Along x-axis-score (goal) & along y-axis – Frequency

Unit 10 sides of the smallest square along x-axis = 1 unit and 2 sides of the smallest square along y-axis = 1 unit.

Now for drawing frequency polygon just before 1st class interval I take a class interval of -1,-0 and just after the last class interval, I take another class interval of 7-0.
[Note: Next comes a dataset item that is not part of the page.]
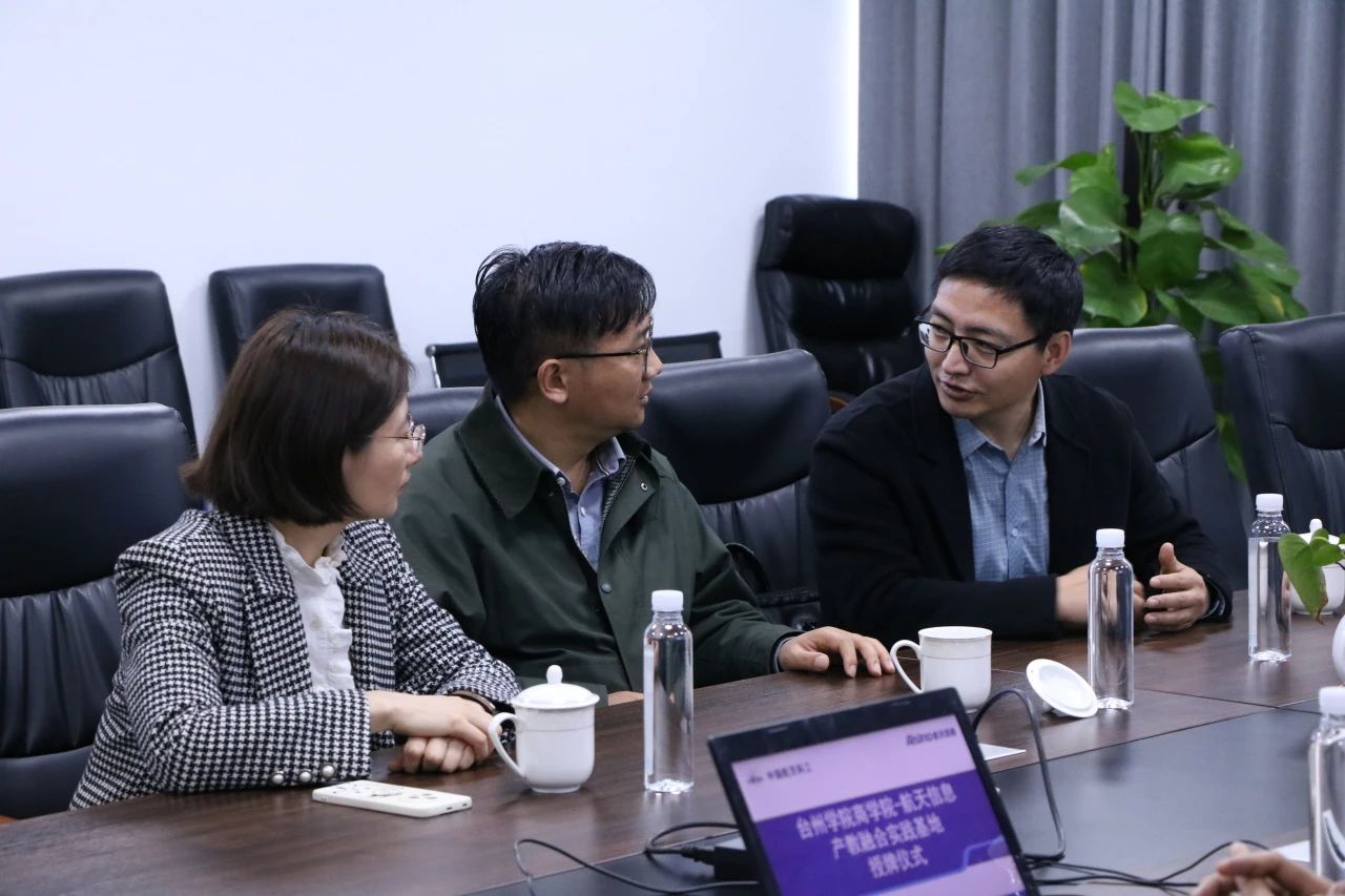 授牌仪式前,双方先开展了产教融合座谈会,黄经理介绍了台州航天信息的发展历程、主营业务、职工队伍建设等基本情况,并就航天信息提供的全链路无纸化解决方案与公司相关专业的契合度及让员工通过无纸化产品的应用,实现校企的无缝衔接等方面进行了探讨和交流。

The frequencies of these two class intervals are 0 (Zero). Then by joining the points (1,0), (0,15), (1,20), (2,12), (3,0), (4,6) and (5,3), (6,1) & (7,0) successively with straight lines we obtained frequency polygon ABCDEFGHI,

 

 

Question 14.  Let us discuss

1. Each of the area of each of the rectangle of a histogram is proportional to

1. The mid-point of that class
2. The class size of that class
3. The frequency of that class
4. The cumulative frequency of that class

Solution: 3. The frequency of that class

2. A frequency polygon is drawn

1. Upper limit of the class
2. Lower limit of the class
3. Mid-value of the class
4. Any value of the class

Solution 3. Mid-value of the class

3. To draw a histogram, the class

1. Along y-axis
2. Along x-axis
3. Along x-axis and y-axis both
4. In between x-axis and y-axis

Solution: 2. Along x-axis

4. In the case of drawing a histogram,

1. Frequency
2. Class boundary
3. Range.
4. Class size.

Solution: 4. Class size.

5. A histogram is the graphical representation of grouped data whose class- boundary and frequency are taken respectively,
1. Along the vertical axis and horizontal axis,
2. Only along the vertical axis,
3. Only along horizontal axis,
4. Along the horizontal axis and vertical axis.

Solution: 4. Along the horizontal axis and vertical axis.